● Problem requirements: Skip the pictures. Quote every line below, exactly, from the one with "Das Minutenrohr greift" through the final line.

● Information supplied:
· · · · · · ·

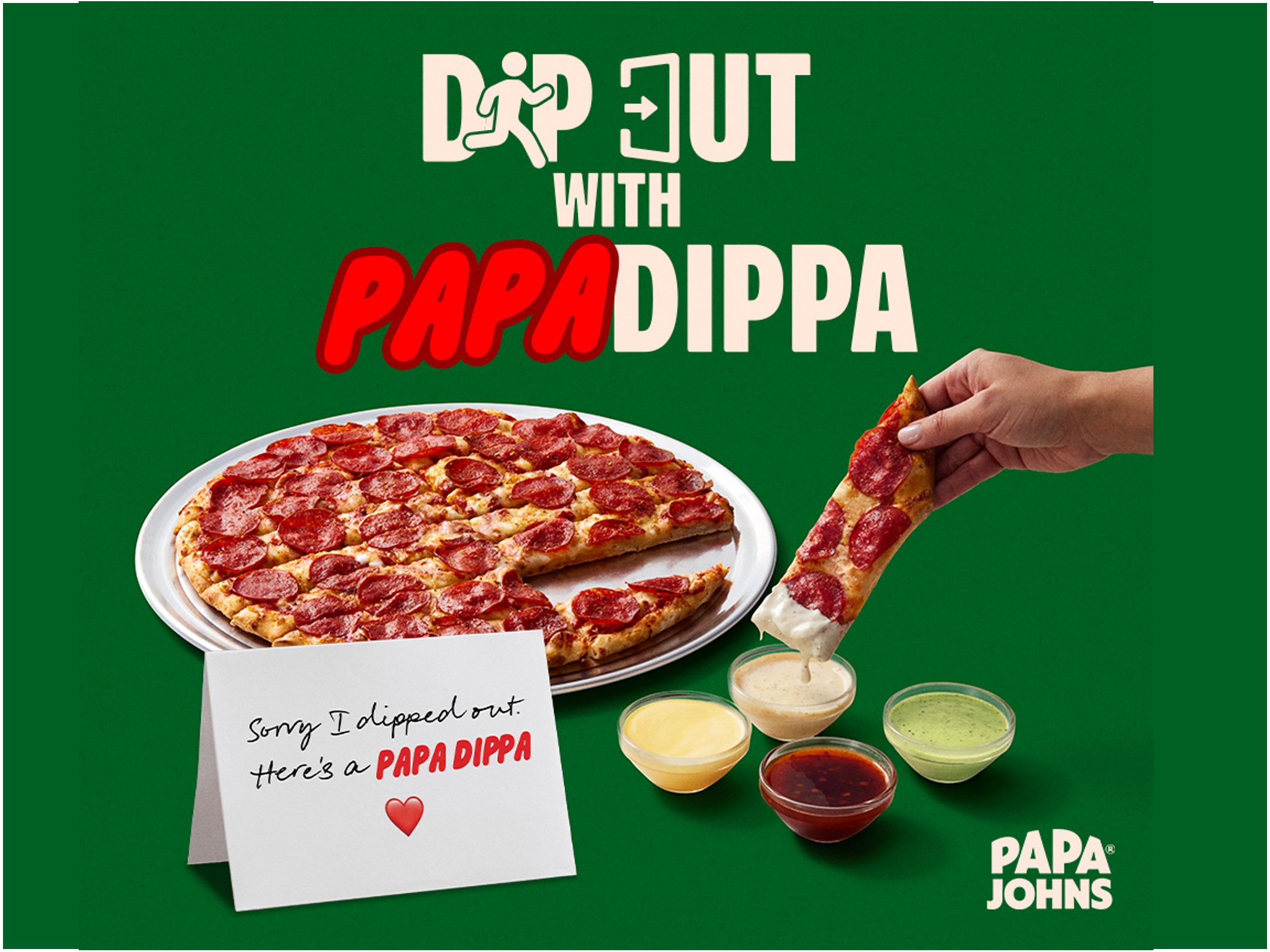 Papa Johns is flipping the script on the quiet exit. In partnership with Uber Eats, the brand is launching “Dip Out with the Papa Dippa,” a guilt-free way to bail and still deliver the pizza love. Whether you’re ghosting a football watch party or sneaking out of a date, Papa Johns lets you Dip Out with no regrets by sending a hot, shareable Papa Dippa as a delicious apology in your place.
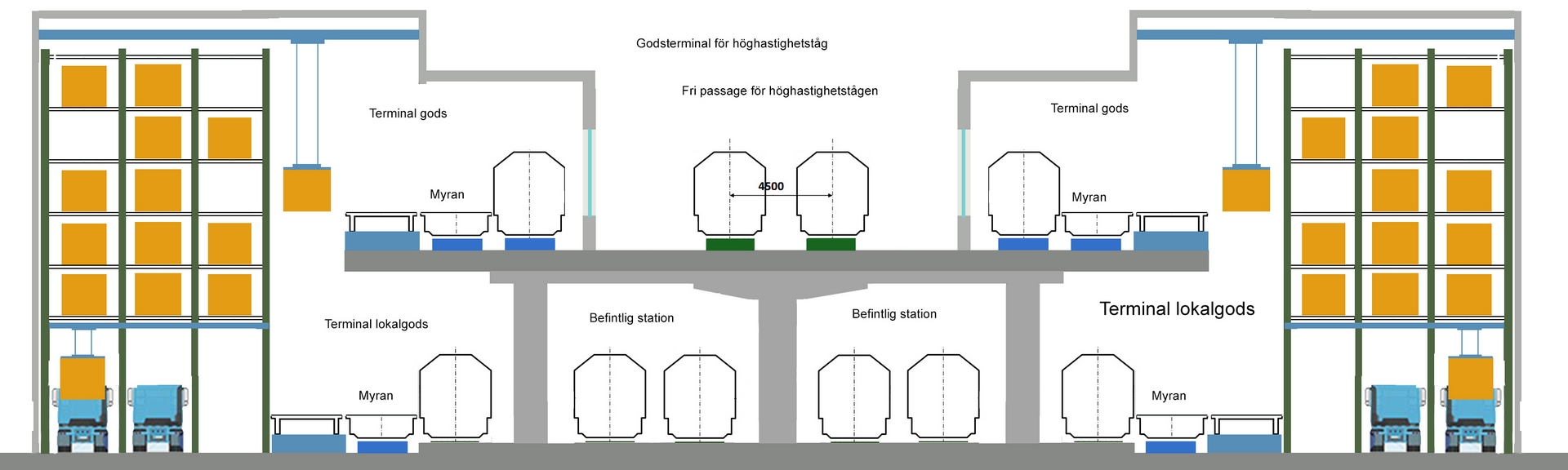 Det går att lösa med gemensamma utrymmen om man låter delar av tåget frakta gods och den andra delen passagerare. Med vår teknik att hantera containers så kliver en container av tåget på 2 minuter och det sker utan att en människa är involverad. Räknar man med 5 minuters stopp så hinner tekniken även lasta en container på den tiden. Det betyder att det blir helt andra kalkyler för att betala investeringarna för höghastighetstågen.
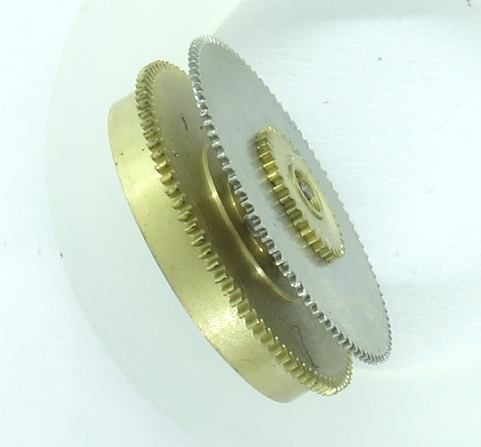 Das Minutenrohr greift in den äußeren Zahnkranz, das wesentlich größere Stundenrohr (eher als Stundenrad zu bezeichnen) in den kleinen Zahnkranz des Federhauses ein.
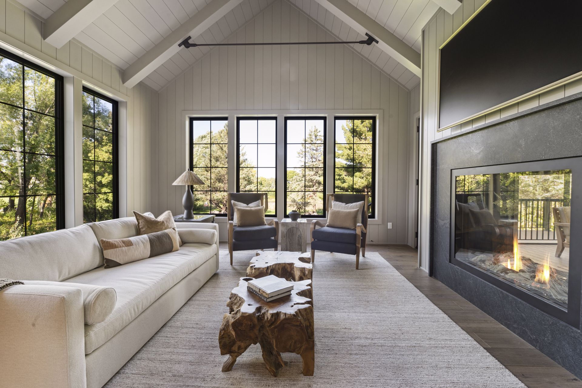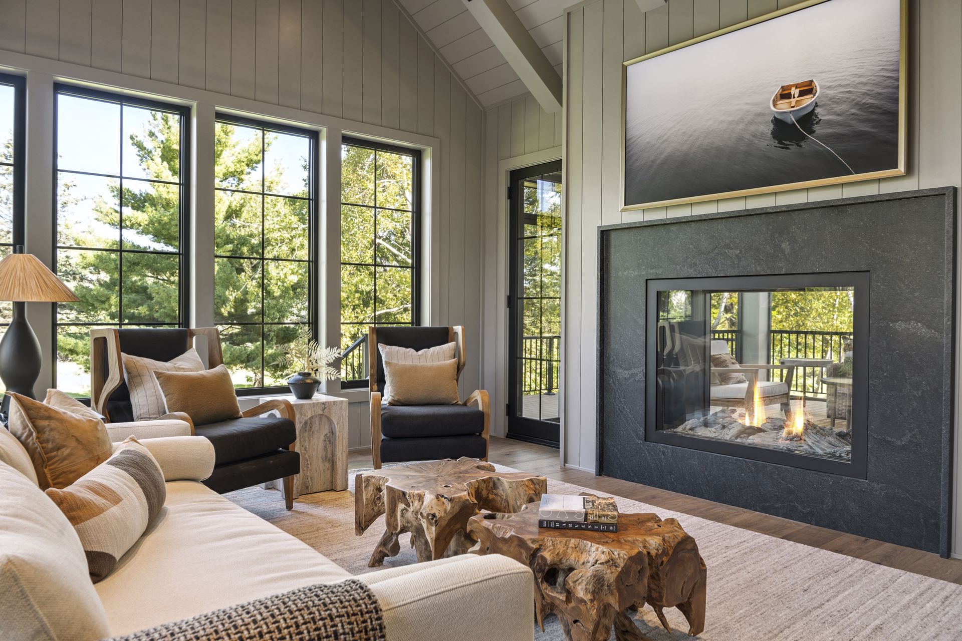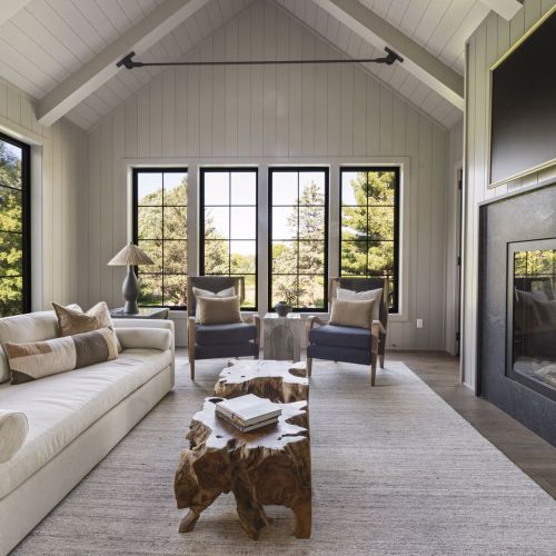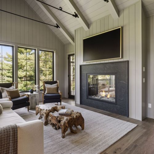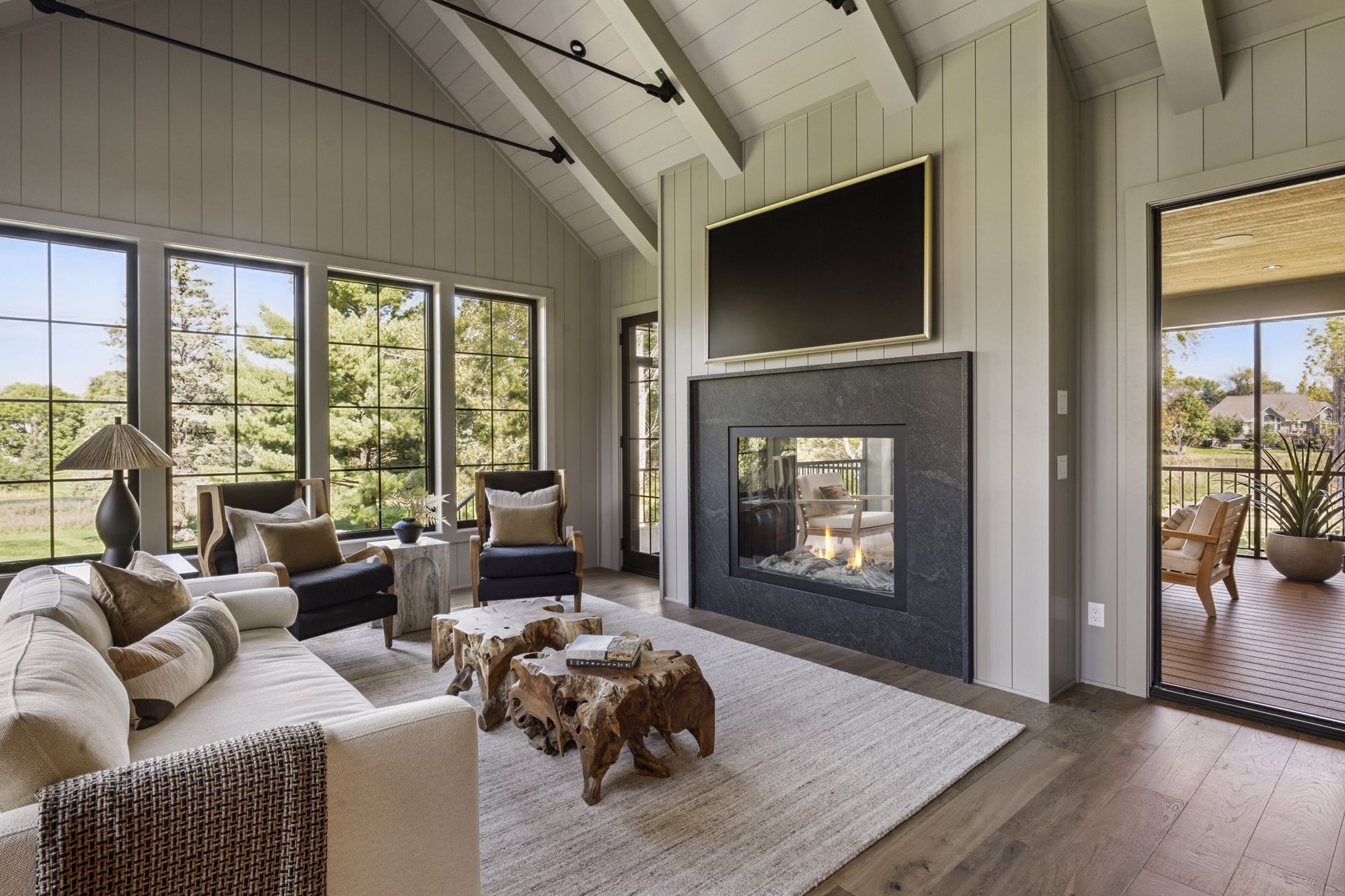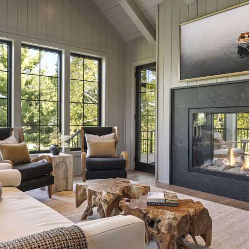 - Rear-oriented Sunroom and Screen Porch offers quiet and cozy getaway space featuring a dual sided fireplace and abundance of windows for natural light
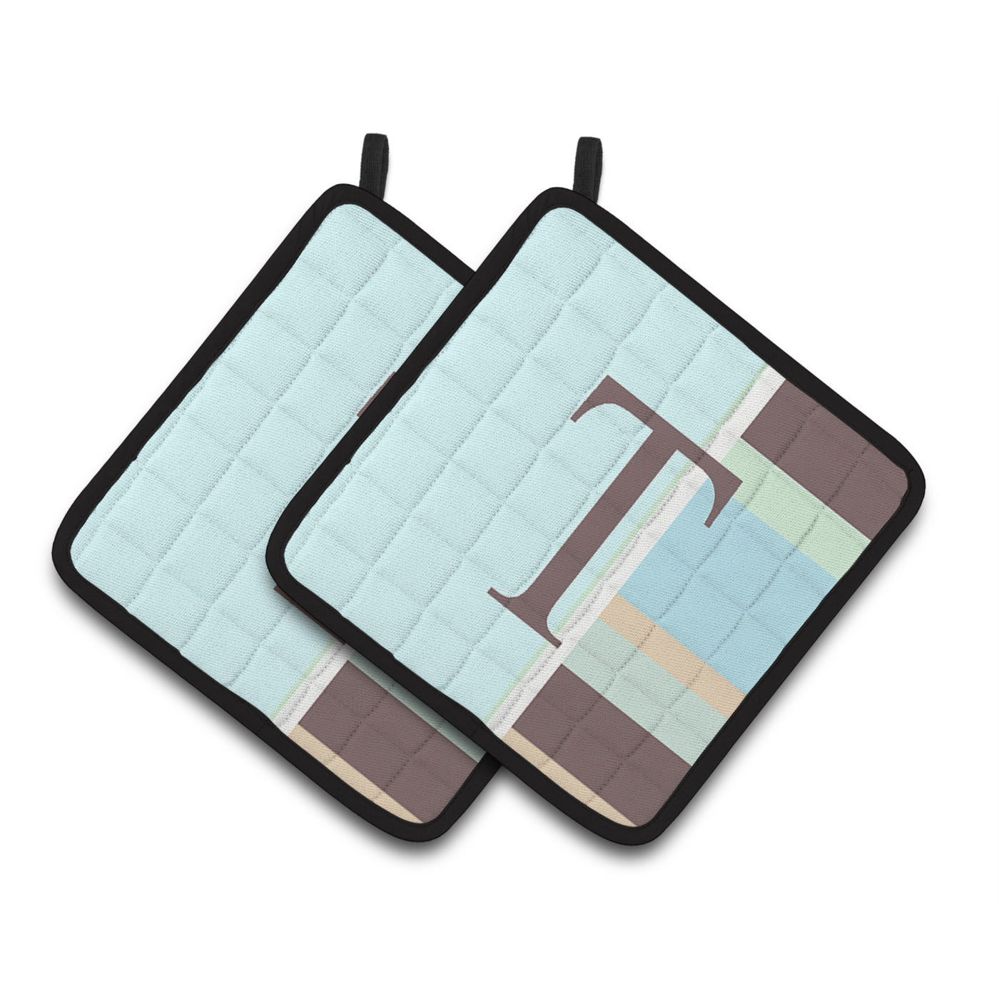 'Caroline's Treasures Letter T Initial Monogram - Blue Stripes Pair of Pot Holders CJ1003-TPTHD 7.5HX7.5W Multicolor''
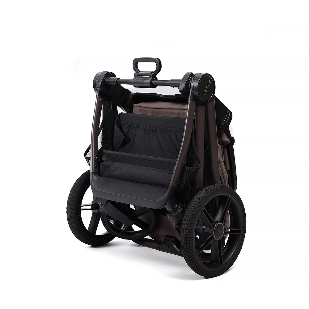 • Шасси складывается с помощью ручки над корзиной. Складывание рамы с прогулочным блоком возможно в любом направлении;
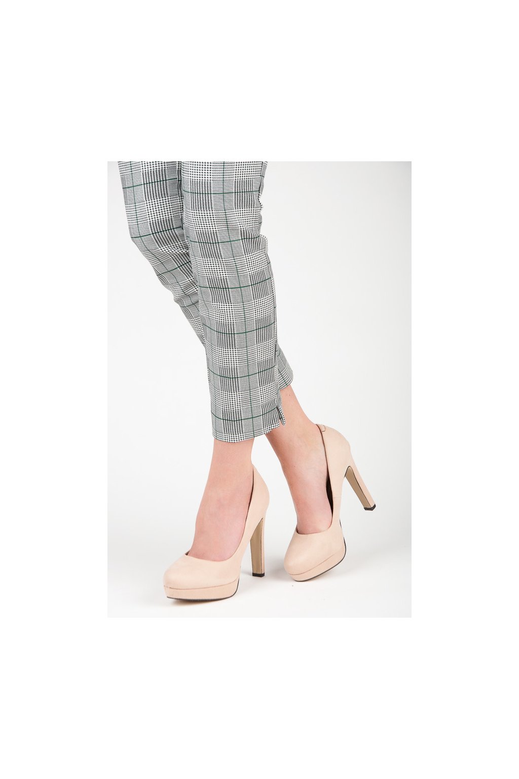 Moderné platformové lodičky na vysokom tenkom opätku vám určite dych vyrazia. Lodičky sú celé matné, vyrobené so semišu. Opätok je tenký, vysoký 13 cm. Platforma meria 2 cm. Lodičky sú celé béžové, no v ponuke ich nájdete aj v ďalších farbách (čierna, sivá, ružové, červená).

· · · · · · ·

● Exercise response:
 Das Minutenrohr greift in den äußeren Zahnkranz, das wesentlich größere Stundenrohr (eher als Stundenrad zu bezeichnen) in den kleinen Zahnkranz des Federhauses ein.
 - Rear-oriented Sunroom and Screen Porch offers quiet and cozy getaway space featuring a dual sided fireplace and abundance of windows for natural light
 'Caroline's Treasures Letter T Initial Monogram - Blue Stripes Pair of Pot Holders CJ1003-TPTHD 7.5HX7.5W Multicolor''
 • Шасси складывается с помощью ручки над корзиной. Складывание рамы с прогулочным блоком возможно в любом направлении;
 Moderné platformové lodičky na vysokom tenkom opätku vám určite dych vyrazia. Lodičky sú celé matné, vyrobené so semišu. Opätok je tenký, vysoký 13 cm. Platforma meria 2 cm. Lodičky sú celé béžové, no v ponuke ich nájdete aj v ďalších farbách (čierna, sivá, ružové, červená).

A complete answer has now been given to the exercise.